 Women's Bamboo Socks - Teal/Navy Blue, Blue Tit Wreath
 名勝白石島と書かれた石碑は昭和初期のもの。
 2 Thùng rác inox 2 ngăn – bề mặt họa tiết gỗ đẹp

...

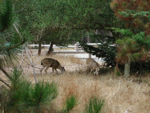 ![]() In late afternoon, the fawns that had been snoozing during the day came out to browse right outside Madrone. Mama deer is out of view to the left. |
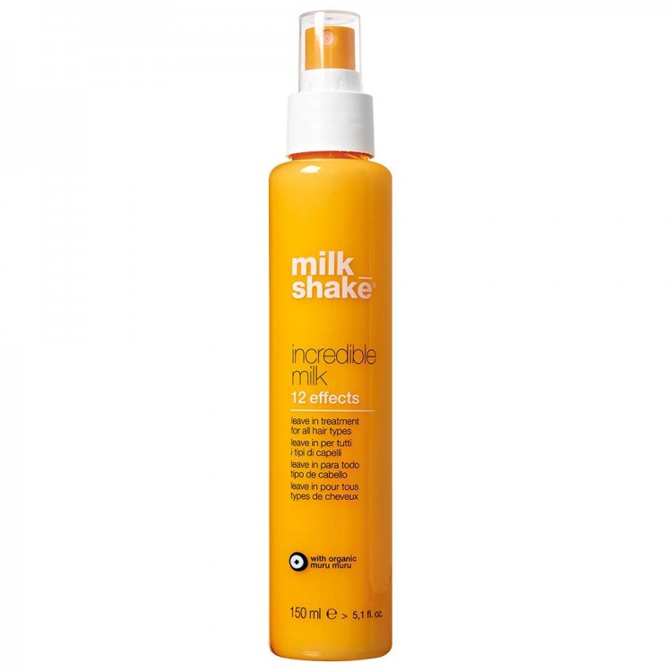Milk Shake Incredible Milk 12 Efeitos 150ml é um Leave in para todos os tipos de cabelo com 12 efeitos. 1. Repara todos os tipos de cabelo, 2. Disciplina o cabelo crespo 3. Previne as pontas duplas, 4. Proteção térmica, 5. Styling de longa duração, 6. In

■ ASSIGNED TASK ■
Reproduce the lines above, beginning at the line with "Women's Bamboo Socks" and stopping after the line with "2 Thùng rác", exactly as they are.

■ SOLUTION FOR THIS PROBLEM ■
 Women's Bamboo Socks - Teal/Navy Blue, Blue Tit Wreath
 名勝白石島と書かれた石碑は昭和初期のもの。
 2 Thùng rác inox 2 ngăn – bề mặt họa tiết gỗ đẹp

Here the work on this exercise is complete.